> [Data provided]
____________

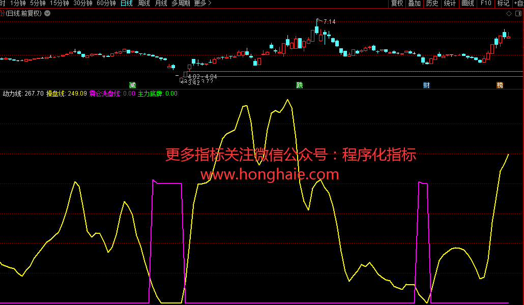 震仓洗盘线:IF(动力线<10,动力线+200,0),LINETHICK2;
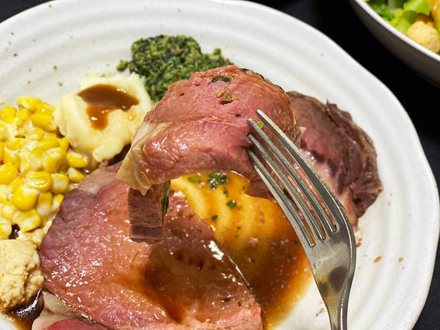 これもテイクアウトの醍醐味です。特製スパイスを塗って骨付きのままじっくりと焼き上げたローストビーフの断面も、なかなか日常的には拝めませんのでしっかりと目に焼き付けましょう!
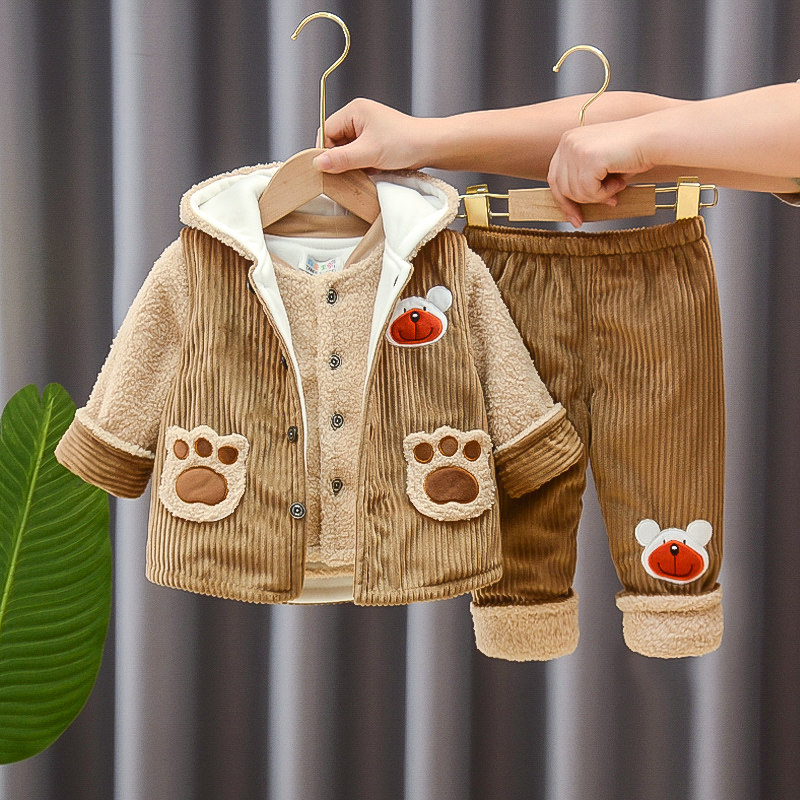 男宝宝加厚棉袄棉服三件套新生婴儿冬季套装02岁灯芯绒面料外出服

____________

> [Aim of the task] Print all the material above exactly, and drop the images.

> [Task response]
 震仓洗盘线:IF(动力线<10,动力线+200,0),LINETHICK2;
 これもテイクアウトの醍醐味です。特製スパイスを塗って骨付きのままじっくりと焼き上げたローストビーフの断面も、なかなか日常的には拝めませんのでしっかりと目に焼き付けましょう!
 男宝宝加厚棉袄棉服三件套新生婴儿冬季套装02岁灯芯绒面料外出服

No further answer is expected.